■ **TASK INSTRUCTIONS**: Below are records; reproduce exactly the lines from the one that has "卡通玻璃鋼白雪公主與七個小矮人雕塑" through the one that has "En tercer lugar", ends included, and nothing more.

==*==

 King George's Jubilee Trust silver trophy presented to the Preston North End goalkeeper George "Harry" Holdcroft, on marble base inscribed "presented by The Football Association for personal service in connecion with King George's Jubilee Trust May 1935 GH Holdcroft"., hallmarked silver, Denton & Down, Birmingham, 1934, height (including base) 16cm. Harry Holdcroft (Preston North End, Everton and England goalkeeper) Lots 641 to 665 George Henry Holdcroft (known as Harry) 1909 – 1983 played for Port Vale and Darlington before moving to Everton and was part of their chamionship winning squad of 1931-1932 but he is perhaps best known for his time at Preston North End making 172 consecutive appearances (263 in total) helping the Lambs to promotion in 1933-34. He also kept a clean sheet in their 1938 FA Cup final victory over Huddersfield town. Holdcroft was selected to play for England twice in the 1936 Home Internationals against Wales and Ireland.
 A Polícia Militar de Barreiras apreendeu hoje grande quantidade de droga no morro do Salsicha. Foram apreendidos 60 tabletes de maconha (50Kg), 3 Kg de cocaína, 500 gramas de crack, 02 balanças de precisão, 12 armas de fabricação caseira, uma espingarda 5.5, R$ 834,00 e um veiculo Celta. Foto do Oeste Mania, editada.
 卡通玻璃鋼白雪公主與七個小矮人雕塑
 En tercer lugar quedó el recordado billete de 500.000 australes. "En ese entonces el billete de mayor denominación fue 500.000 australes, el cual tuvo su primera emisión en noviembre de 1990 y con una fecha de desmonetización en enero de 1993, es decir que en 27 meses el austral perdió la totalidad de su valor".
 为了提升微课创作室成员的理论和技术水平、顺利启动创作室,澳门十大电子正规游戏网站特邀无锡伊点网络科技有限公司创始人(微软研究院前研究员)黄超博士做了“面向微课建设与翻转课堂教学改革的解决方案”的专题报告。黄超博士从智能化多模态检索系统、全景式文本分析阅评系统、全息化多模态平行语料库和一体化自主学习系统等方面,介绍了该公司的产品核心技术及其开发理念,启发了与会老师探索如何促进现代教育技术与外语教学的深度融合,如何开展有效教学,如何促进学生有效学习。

==*==

■ **ANSWER FOR THE TASK**:
 卡通玻璃鋼白雪公主與七個小矮人雕塑
 En tercer lugar quedó el recordado billete de 500.000 australes. "En ese entonces el billete de mayor denominación fue 500.000 australes, el cual tuvo su primera emisión en noviembre de 1990 y con una fecha de desmonetización en enero de 1993, es decir que en 27 meses el austral perdió la totalidad de su valor".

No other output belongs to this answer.